• Collected data:
■ ■ ■ ■ ■ ■ ■
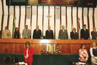 A Assembleia Legislativa realizou ontem sessão especial para comemorar os 32 anos de existência da Igreja Universal do Reino de Deus (Iurd). O evento, proposto pelos deputados Eliedson Ferreira (DEM) e Ivo de Assis (PR), reuniu grandes expressões daquela denominação religiosa e toda a sua representação política no estado: o deputado federal Bispo Marinho (PR), os vereadores de Salvador Sildevan Nobrega (PRB), Eron Vasconcelos (DEM) e Isnard Vasconcelos (PR) e o de Feira de Santana, José de Arimatéia (PRB).
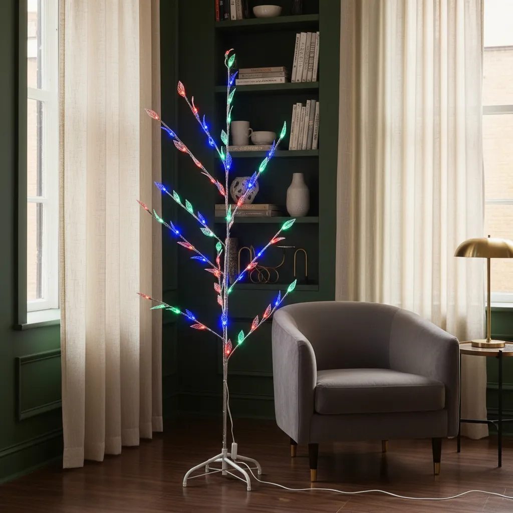 Equipado con luces LED multicolores, este árbol iluminará tus celebraciones con un brillo festivo. Su estructura de acrílico y metal garantiza durabilidad, mientras que su diseño plegable facilita su almacenamiento. Disfruta de la comodidad de un árbol que no requiere montaje complicado, permitiéndote dedicar más tiempo a lo que realmente importa: compartir momentos especiales con tus seres queridos.
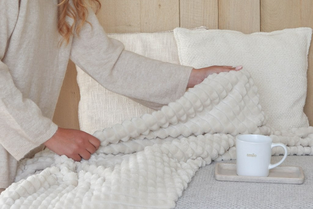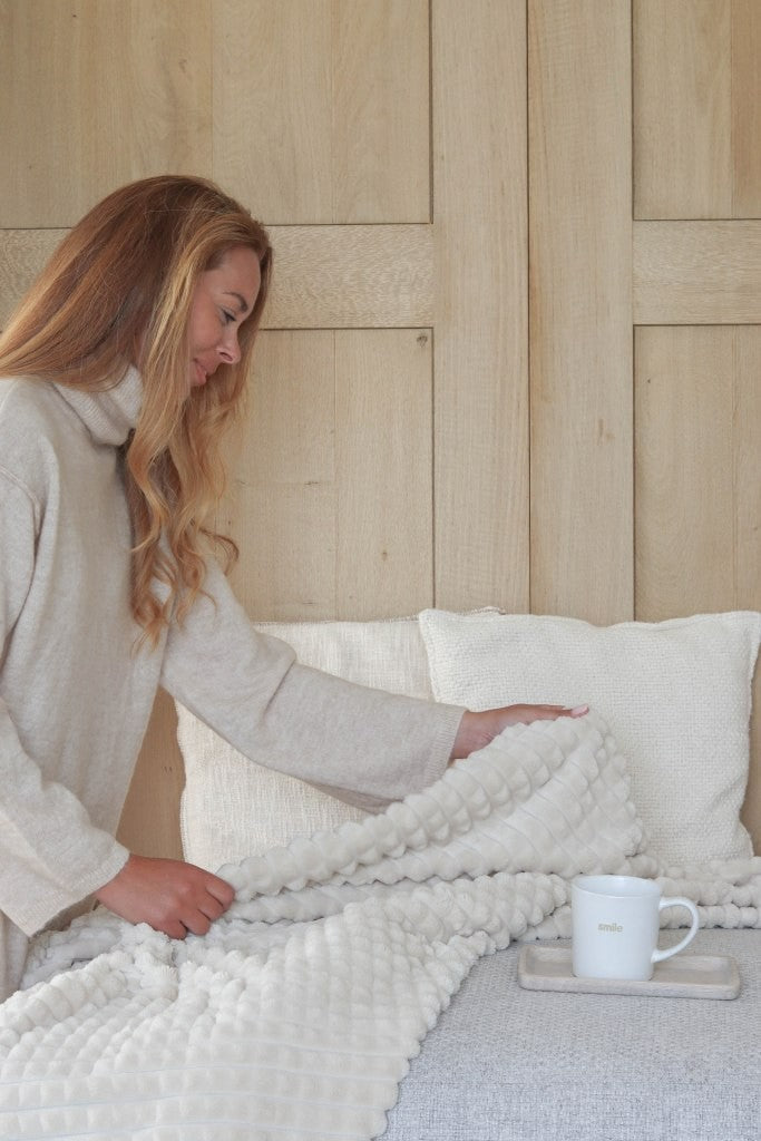 Dit superzachte en warme plaid Paula van Leeff is perfect om je op de bank in te cocoonen. Alleen of samen met iemand van wie je houdt.
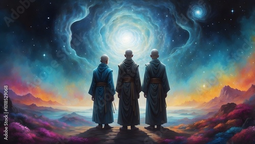 Obraz premium Andere Welt - Buddhistische Mönche - Buntes Gemälde
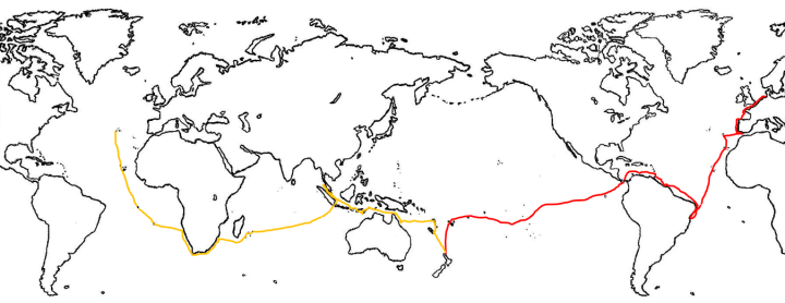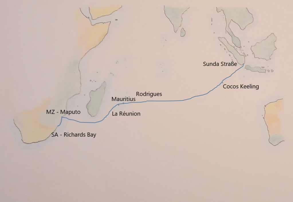 7. Etappe von Langkawi und Indonesien über den Indischen Ozean nach Südafrika
■ ■ ■ ■ ■ ■ ■
• The problem: Any picture in the data is to be skipped, while each line is returned exactly as written.

• Exercise response:
 A Assembleia Legislativa realizou ontem sessão especial para comemorar os 32 anos de existência da Igreja Universal do Reino de Deus (Iurd). O evento, proposto pelos deputados Eliedson Ferreira (DEM) e Ivo de Assis (PR), reuniu grandes expressões daquela denominação religiosa e toda a sua representação política no estado: o deputado federal Bispo Marinho (PR), os vereadores de Salvador Sildevan Nobrega (PRB), Eron Vasconcelos (DEM) e Isnard Vasconcelos (PR) e o de Feira de Santana, José de Arimatéia (PRB).
 Equipado con luces LED multicolores, este árbol iluminará tus celebraciones con un brillo festivo. Su estructura de acrílico y metal garantiza durabilidad, mientras que su diseño plegable facilita su almacenamiento. Disfruta de la comodidad de un árbol que no requiere montaje complicado, permitiéndote dedicar más tiempo a lo que realmente importa: compartir momentos especiales con tus seres queridos.
 Dit superzachte en warme plaid Paula van Leeff is perfect om je op de bank in te cocoonen. Alleen of samen met iemand van wie je houdt.
 Obraz premium Andere Welt - Buddhistische Mönche - Buntes Gemälde
 7. Etappe von Langkawi und Indonesien über den Indischen Ozean nach Südafrika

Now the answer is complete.